Индукция остеоартритного фенотипа в модели хряща-на-чипе

В условиях старения населения социальное влияние остеоартрита (ОА) может резко возрасти, сделав его самым распространенным заболеванием опорно-двигательного аппарата. Однако в настоящее время терапия ограничена паллиативным лечением или хирургическим вмешательством, поскольку модифицирующих болезнь препаратов (DMOA) мало, в основном из-за отсутствия релевантных доклинических моделей заболевания.

Чтобы решить эту биомедицинскую проблему, междисциплинарная команда исследователей из Швейцарии под руководством Паолы Оккетты разработала микрофизиологическую модель хряща-на-чипе. Устройство позволило применить контролируемое по деформации сжатие к трехмерному микротканевому аналогу суставного хряща и воспроизвести механические факторы, участвующие в патогенезе ОА. Оптимальным для индукции признаков ОА в лаборатории оказалось 30% сжатие с ограничением.

Используя только гиперфизиологическую компрессию (HPC), ученые вызвали смещение гомеостаза хряща в сторону катаболизма, воспаления и гипертрофии. В результате были получены профили экспрессии генов, аналогичные наблюдаемым в клинической остеоартритной ткани. Результаты работы опубликованы в Nature Biomedical Engineering.

Проблема существующих моделей

Основная сложность воспроизведения ткани хряща in vitro заключается в необходимости рекапитуляции патологии либо с помощью биохимической (цитокиновой), либо механической (нагрузочной) стимуляции.

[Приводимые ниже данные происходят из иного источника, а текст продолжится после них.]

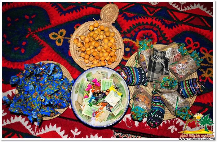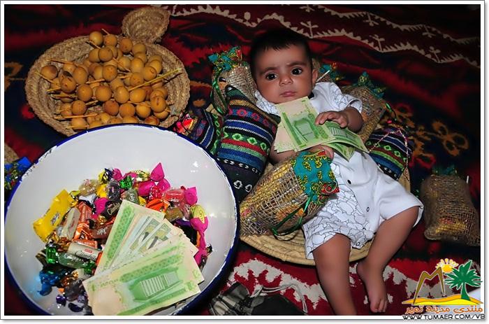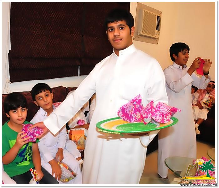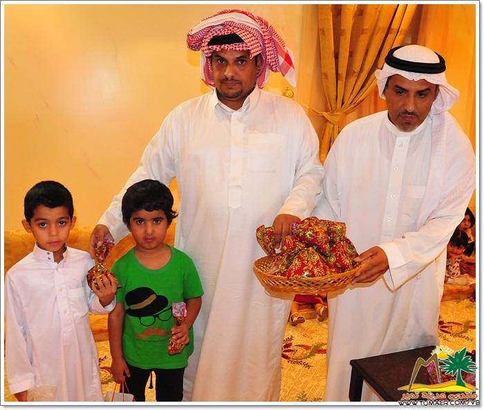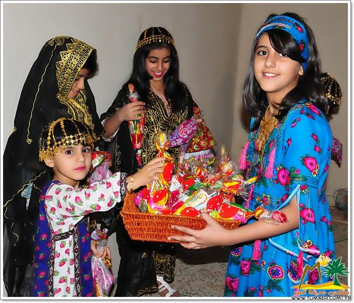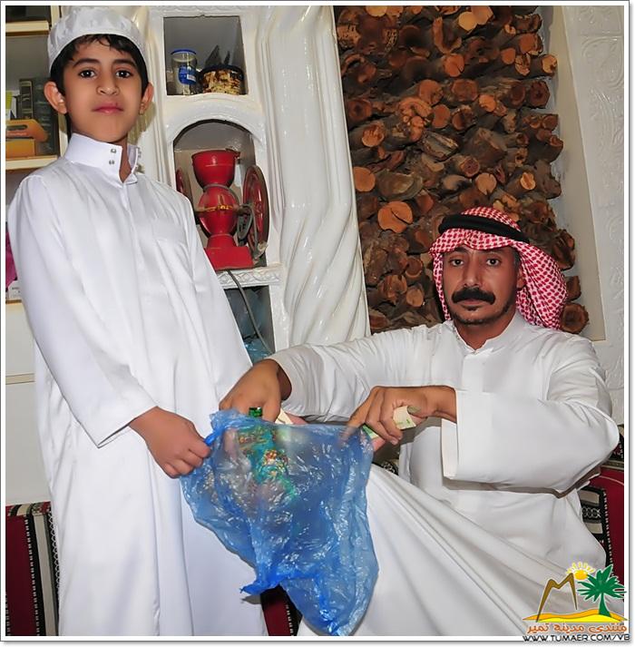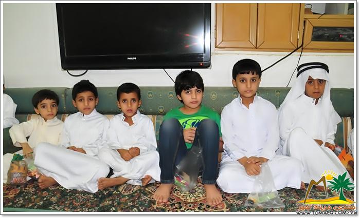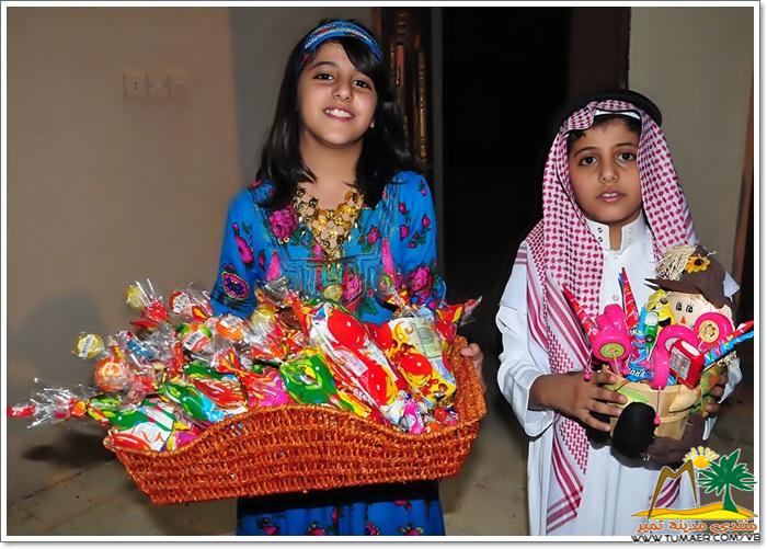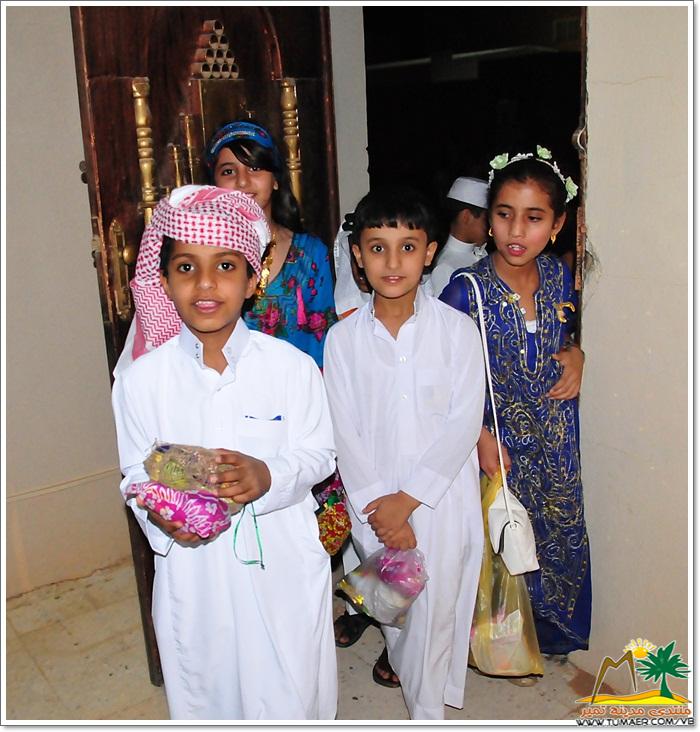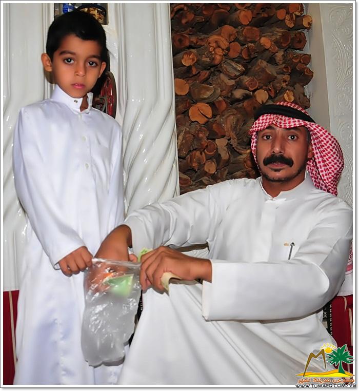 (( الحُوامة ))  العام الماضي كانت بداية إعادة ( موروث اندثر مع التقدم والتطور )  وهذا العام تم إحياء هذا الموروث للسنة الثانية وسوف نعيد المادة التحريرية الذي طرح العام الماضي لما فيها من المعلومات والكلمات التي تقال بهذه المناسبة والعادة السنوية قبل العيد :: ::  تقبل الله منا ومنكم الصيام والقيام وصالح الأعمال  مع قرب أيام عيد الفطر المبارك يتخلد للذهن والفكر تلك الأيام الجميلة بالسعادة   والفرح التي اختفت في وقتنا هذا .. فلم يعد الفرح بقرب العيد كما كان بالماضي ولكن  السعادة والفرح بقدوم العيد لا يزال في محيا شفاه الأطفال وينتظرون قدومه بفارغ الصبر ..  :: ::  (( الحُوامة )) لقب أُطلق على الطريقة التي يحتفل بها الأطفال بمناسبة العيد حيث حصل على مسمى ذلك  إلهاماً من كون الأطفال يحومون على البيوت الموجودة في الحي . كان الأطفال من بنات وأولاد يلبسون ثيابهم ويأخذون أكياس ويطقون ( يطرقون ) على البيوت الأولاد يلبسون  ثياب والطواقي الزري ويأخذون أكياس كل واحد ماسك يد أخته وهم يرددون عند كل بيت: أبي عيدي عادت عليكم .. من حال زينه .. جعل الفقر ما يدخل عليكم ولا يكسر رجليكم ولا يديكم جعلكم تعودنه  هالزمان وكل زمان (( نشد الحمير ولا نسوقه )) إذا قالوا أهل البيت شدوه يعني وقفوا راح يعطونهم وإذا قالوا سوقوه يعني ما رح يعطونهم .. فردوا عليهم الأطفال: جعل الفقر يجيكم ويكسر رجليكم !!؟ وإذا أعطوهم ردوا قائلين : جعل الفقر مايجيكم ولا يكسر رجليكم. ومع اندثار هذه العادة ونسيانها .. وفي جو مفعم بأجواء العيد والفرح والسعادة اعاد أطفال و أبناء حارتنا مساء هذا  اليوم الثلاثاء الموافق . 28 / 9 /1434هـ هذه العادة للسنة الثانية فطافوا بيوت الحارة طارقين ابوابها لإحياء تراث ماضي وزمن جميل بمدينتنا الغالية تمير .. :: ::  في هذا اليوم شاركنا في هذا الموروث مجموعة بسيطة من الأطفال   فقد سعدنا بمشاركتهم الأولى لهذا الموروث العريق  |

Цитокиновые модели основаны на передозировке воспалительными коктейлями, что не соответствует реальной среде ОА in vivo. В то же время макромасштабные биореакторы для создания патологической нагрузки не позволяют точно настроить микроокружение.

Разработка модели хряща-на-чипе (COC)

Устройство состояло из двух камер, разделенных гибкой мембраной:

• Верхняя камера содержала 3D-микроконструкт.
• Нижняя камера была приводным отсеком из полидиметилсилоксана (PDMS).

Для создания микроокружения использовался биовдохновленный гидрогель на основе полиэтиленгликоля (PEG), сшиваемый матриксными металлопротеиназами (MMP). Эта архитектура имитировала нелинейное поведение хряща за счет взаимодействия твердой матрицы и несжимаемой жидкости.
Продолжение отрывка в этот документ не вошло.